Сказал резко, может, чуть громко в вечерней тишине.

В твоих глазах отражалось высокое небо. Оно омрачилось, голубизна покрылась тучами.

— Далеко?

— В Испанию.

Ты села, не спуская глаз с моего лица.

— Там война, — сказала ты.

Я говорил об интернациональных бригадах, о борьбе за свободу Испании, о том, что будет значить для всего мира эта борьба и победа. Впервые я об этом заговорил с такой простотой и легкостью, словно собирался прогуляться по парку лунной ночью. Ты слушала молча, не спуская взгляда с моего лица, с моих губ.

— Мне холодно, — наконец сказала ты.

Я набросил на твои детские плечики свой пиджак и все говорил, рассказывал, мне даже показалось, что я не столько тебя стараюсь убедить, сколько самого себя, — чтобы вдруг не заколебаться.

Когда мы вернулись в город, ты опять пожаловалась:

— Мне холодно.

Прошла неделя, и ты не явилась на свидание. Ни в тот, ни в другой раз. Я знал, где дом твоих родителей. Ходил по Нагорной улице с одного конца в другой. Остановился у калитки. Во двор вышла женщина с ведром, по-видимому прислуга. Я спросил об Эгле. Женщина внимательно оглядела меня.

— Лучше вам, барич, здесь не ошиваться…

— Скажите, где Эгле, и я пойду.

Женщина покосилась на окна дома, занавешенные цветастыми шторами, подошла поближе к калитке.

— Хворает, доктора вызывали.

— Через неделю, в среду, буду ждать на том же месте… Передайте ей.

— Лучше бы вы, барич, оставили ее в покое…

— В среду, примерно в шесть. На том же месте.

— Скажу, но лучше вы…

Во дворе хлопнула дверь, и я торопливо зашагал прочь.

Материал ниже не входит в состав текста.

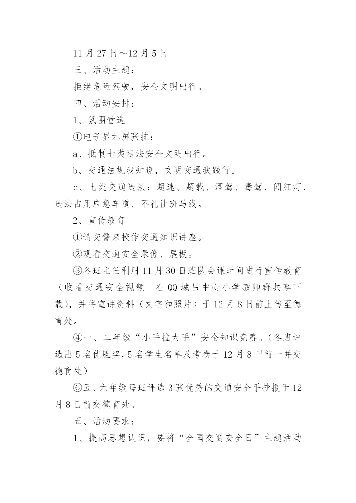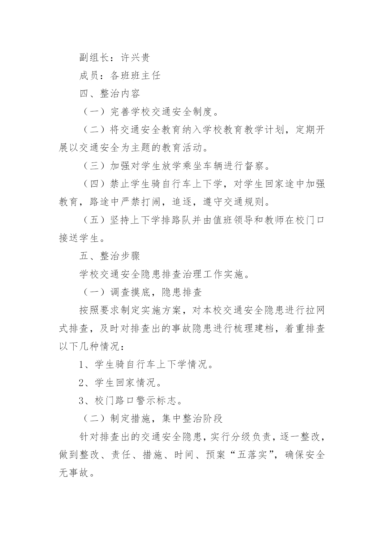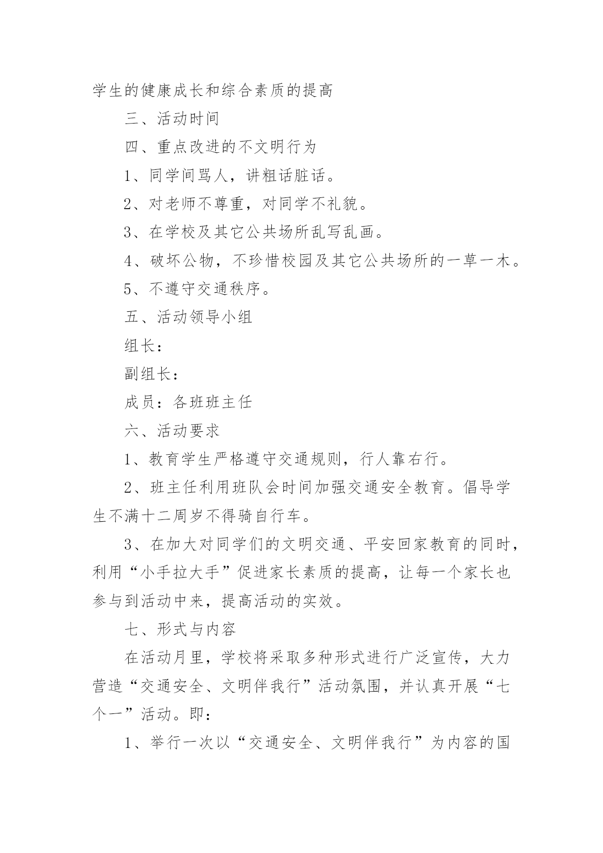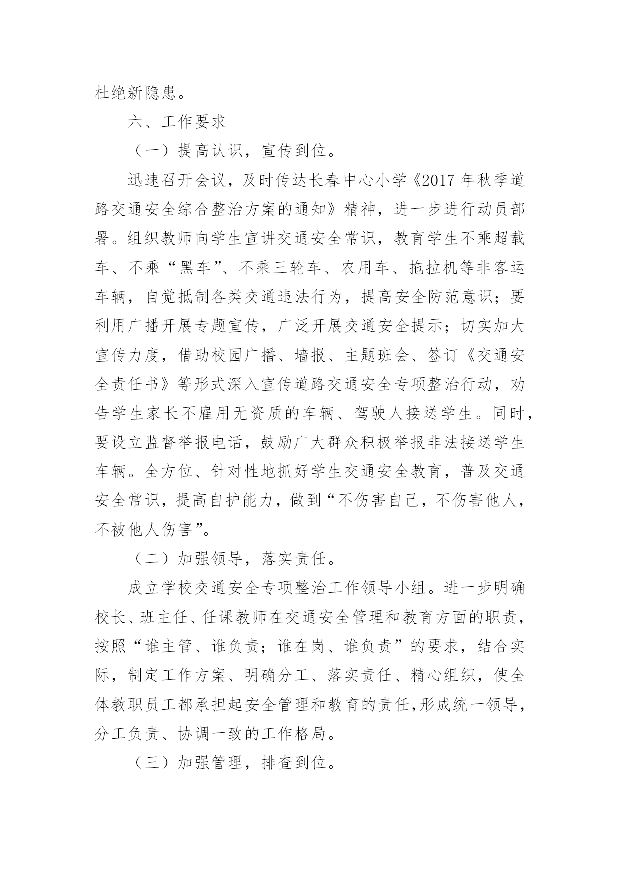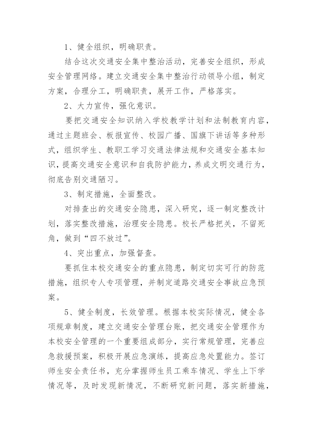 小学交通安全实施策划方案小学交通安全实施策划方案范文(精选5篇)为了确保事情或工作安全顺利进行,就常常需要事先准备方案,方案一般包括指导思想、主要目标、工作重点、实施步骤、政策措施、具体要求等项目。那么应当如何制定方案呢?以下是小编为大家整理的小学交通安全实施策划方案范文(精选5篇),欢迎大家借鉴与参考,希望对大家有所帮助。小学交通安全实施策划方案1一、总体思路按照“政府领导、部门协作、齐抓共管、综合治理”的道路交通安全管理格局,坚持“安全第一,预防为主、综合治理”方案,牢固树立“隐患即事故”,“安全即发展”的理念。强化师生的安全意识,在校园内大力宣传交通方面的法律法规,进一步加大交通安全隐患排查治理力度,保障师生的生命财产安全。二、工作目标通过本次交通安全集中整治行动,对学生的交通安全教育到位,不发生涉及学校或学生责任的重特大交通事故;对校园内外的交通管理到位,不发生校内外道路交通事故。通过专项整治,我校交通安全隐患得到根本性治理,交通安全条件充分改善;校园周边交通安全设施更加完善。三、成立道路交通安全整治小组组长:苏孝春副组长:许兴贵成员:各班班主任四、整治内容(一)完善学校交通安全制度。(二)将交通安全教育纳入学校教育教学计划,定期开展以交通安全为主题的教育活动。(三)加强对学生放学乘坐车辆进行督察。(四)禁止学生骑自行车上下学,对学生回家途中加强教育,路途中严禁打闹,追逐,遵守交通规则。(五)坚持上下学排路队并由值班领导和教师在校门口接送学生。五、整治步骤学校交通安全隐患排查治理工作实施。(一)调查摸底,隐患排查按照要求制定实施方案,对本校交通安全隐患进行拉网式排查,及时对排查出的事故隐患进行梳理建档,着重排查以下几种情况:1、学生骑自行车上下学情况。2、学生回家情况。3、校门路口警示标志。(二)制定措施,集中整治阶段针对排查出的交通安全隐患,实行分级负责,逐一整改,做到整改、责任、措施、时间、预案“五落实”,确保安全无事故。1、健全组织,明确职责。结合这次交通安全集中整治活动,完善安全组织,形成安全管理网络。建立交通安全集中整治行动领导小组,制定方案,合理分工,明确职责,展开工作,严格落实。2、大力宣传,强化意识。要把交通安全知识纳入学校教学计划和法制教育内容,通过主题班会、板报宣传、校园广播、国旗下讲话等多种形式,组织学生、教职工学习交通法律法规和交通安全基本知识,提高交通安全意识和自我防护能力,养成文明交通行为,彻底告别交通陋习。3、制定措施,全面整改。对排查出的交通安全隐患,深入研究,逐一制定整改计划,落实整改措施,治理安全隐患。校长严格把关,不留死角,做到“四不放过”。4、突出重点,加强督查。要抓住本校交通安全的重点隐患,制定切实可行的防范措施,组织专人专项管理,并制定道路交通安全事故应急预案。5、健全制度,长效管理。根据本校实际情况,健全各项规章制度,建立交通安全管理台账,把交通安全管理作为本校安全管理的一个重要组成部分,实行常规管理,完善应急救援预案,积极开展应急演练,提高应急处置能力。签订师生安全责任书,充分掌握师生员工乘车情况、学生上下学情况等,及时发现新情况,不断研究新问题,落实新措施,杜绝新隐患。六、工作要求(一)提高认识,宣传到位。迅速召开会议,及时传达长春中心小学《2017年秋季道路交通安全综合整治方案的通知》精神,进一步进行动员部署。组织教师向学生宣讲交通安全常识,教育学生不乘超载车、不乘“黑车”、不乘三轮车、农用车、拖拉机等非客运车辆,自觉抵制各类交通违法行为,提高安全防范意识;要利用广播开展专题宣传,广泛开展交通安全提示;切实加大宣传力度,借助校园广播、墙报、主题班会、签订《交通安全责任书》等形式深入宣传道路交通安全专项整治行动,劝告学生家长不雇用无资质的车辆、驾驶人接送学生。同时,要设立监督举报电话,鼓励广大群众积极举报非法接送学生车辆。全方位、针对性地抓好学生交通安全教育,普及交通安全常识,提高自护能力,做到“不伤害自己,不伤害他人,不被他人伤害”。(二)加强领导,落实责任。成立学校交通安全专项整治工作领导小组。进一步明确校长、班主任、任课教师在交通安全管理和教育方面的职责,按照“谁主管、谁负责;谁在岗、谁负责”的要求,结合实际,制定工作方案、明确分工、落实责任、精心组织,使全体教职员工都承担起安全管理和教育的责任,形成统一领导,分工负责、协调一致的工作格局。(三)加强管理,排查到位。一要认真落实交通安全管理责任;二要认真排查交通安全管理隐患。主动掌握学生到校返家的交通情况,分析可能存在的问题,作为加强交通安全管理的依据。要认真摸清学生居住地、到校返家行走路线经哪些交通要道,学生到校返家主要乘坐什么交通工具,存在哪些交通隐患;三要严禁学生乘坐农用车、拖拉机、摩托车、机动三轮车。教

Когда мы снова встретились, ты была бледная, худенькая, вся прозрачная и легкая, казалось, что малейший порыв ветра унесет тебя, словно пожелтевший липовый лист. Я зажал в ладонях твои прохладные руки, целовал кончики пальцев и не мог себе представить, как покину тебя на полгода или даже на целый год — пока мы не задушим фашизм в Испании. Но другого пути у меня не было. Тем более что в последние дни меня искала полиция, и пришлось опять бросить работу и новую чердачную комнатушку, не прожив в ней и месяца. Это я не стал скрывать от тебя, рассказал.

— Отец нашел книжки, которые ты мне дал. Разорвал, сжег. Не думала, чтобы он мог так.

— Спрашивал, от кого получила?

— Спрашивал, но я не сказала. Он понимает, что ты дал книги, но ведь папа даже твоего имени не знает. Людвис, теперь ты не сможешь к нам прийти. Покамест.

— Покамест, — согласился я. — А ведь настанет день, когда все будет по-другому. По всей Литве будет по-другому. Во всем мире!

— Я люблю тебя.

— Ты моя, моя, Эглуже.

— Я — часть тебя, Людвис…

…Сейчас ничего у меня не осталось… только эти далекие дни; я живу прошлым и рублю сук, на котором сижу. Страшно, страшно, страшно… Но у меня еще достает сил улыбнуться. «Все будет хорошо», — говорят врачи. «Все будет хорошо», — поддакиваю я.

— Все будет хорошо, Эглуже.

Всю сентябрьскую ночь мы проговорили, и я не знал, как тебя утешить в последние минуты нашего свидания.

В долине просыпался город, твой родной Каунас. Каунас, в котором пробежали два года моей жизни, в котором я познал горькую долю бродяги и безработного, грузчика и чернорабочего, но главное — нашел товарищей, которые пожали мне руку и сказали: «Пойдем вместе…» Это город начала моего пути, и я всегда буду тосковать по нему, думал я и ждал, когда же поднимется по весне Неман и унесет весь мусор, когда займется Новое утро. Декламировал стихи Янониса и целовал влажные от слез твои щеки.

— Если б ты знал, как мне не хочется отпускать тебя одного, — пожаловалась ты. — Могла бы, пошла бы с тобой, всюду были бы вместе.

— Я вернусь, Эглуже.

— Как только кончится война, в первый же день уезжай домой. У меня будет о чем тебе рассказать.

— Сейчас скажи…

— Сейчас не могу.

— Сейчас…

— Когда вернешься, только тогда, Людвис.

Я чувствовал, тебе ужасно хочется о чем-то мне сказать, но ты сдерживаешься. Так и не сказала. Так надо, говорила ты и с печальной улыбкой повторила мои слова:

— Все будет хорошо.

Мы удалялись друг от друга медленно, все оборачиваясь, застывая на минуту и снова пятясь на шажок. Ты протянула ко мне руки (может, хотела поделиться этой своей тайной, как знать), но я не выдержал боли расставания и побежал.

В конце года до меня дошло долго блуждавшее твое письмо, полное тоски и любви. Я обнял камень Арагонских гор и поцеловал».